Likewise, alterations in the surface tension of the alveolar lining fluid also cause severe respiratory diseases, such as neonatal respiratory distress syndrome (NRDS) and acute lung injury (ALI) or the acute respiratory distress syndrome (ARDS) [21,22,23]. Premature infants who suffer from NRDS due to surfactant deficiency exhibit a high lining-fluid surface tension and hence a propensity for prominent atelectasis, decreased lung compliance, increased work of breathing and impaired gas exchange. The postnatal delivery of exogenous surfactant can significantly lower surface tension forces in the lung and has been established as a standard therapeutic intervention in the management of preterm infants with NRDS [24]. Similarly, in ALI/ARDS patients, the normal function of PS is inhibited by protein-rich oedematous fluid present in the airspaces, leading to a dramatic increase in surface tension and hence a decrease in lung compliance [25]. The development of ventilator-induced lung injury (VILI) in mechanically ventilated ALI/ARDS patients is largely attributed to this change in the surface tension-relevant lung micromechanics.
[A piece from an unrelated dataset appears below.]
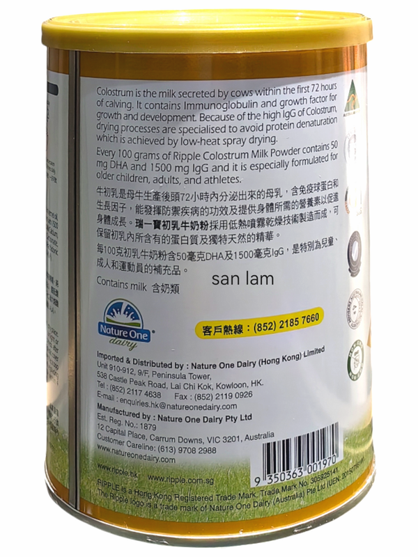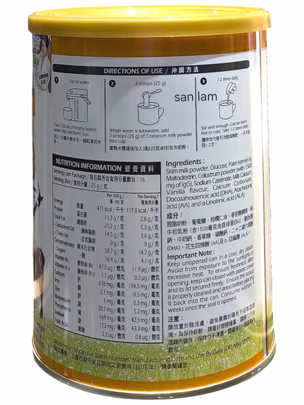 脫脂奶粉、葡萄糖、棕櫚仁油、麥芽糖糊精、純牛初乳粉 (含1500毫克免疫球蛋白G)、酪朊酸鈉、牛奶鈣、

Therefore, the study of the rheological properties of airway surface liquid has both physiological and clinical significance. Unfortunately, due to a lack of suitable in vivo and in situ measurement techniques, thus far, all rheological measurements of human respiratory mucus came from in vitro studies that may not give a true picture of in vivo conditions. Moreover, reported literature values of the viscoelasticity of human respiratory mucus show large (orders of magnitude) intersubject, intrasubject, and even within the same mucus -sample variations (Table 1). It is imperative to heighten collaborations between clinicians, biomedical engineers, and applied scientists to explain these variations in perspective of both physiology and experimental techniques, to further develop tools to assess the quantitative properties of airway surface liquid, and finally to correlate the biophysical properties of airway surface liquid with healthy versus diseased states. This article reviews the importance of airway surface liquid rheology and surface tension measurements in: (1) maintaining the stability of small airways and alveoli; (2) preventing ventilator-induced lung injury; (3) optimizing surfactant replacement therapy (SRT); and (4) characterizing lung barrier and clearance functions. Subsequently, new methods and techniques for determining the viscosity and surface tension of airway surface liquid are described.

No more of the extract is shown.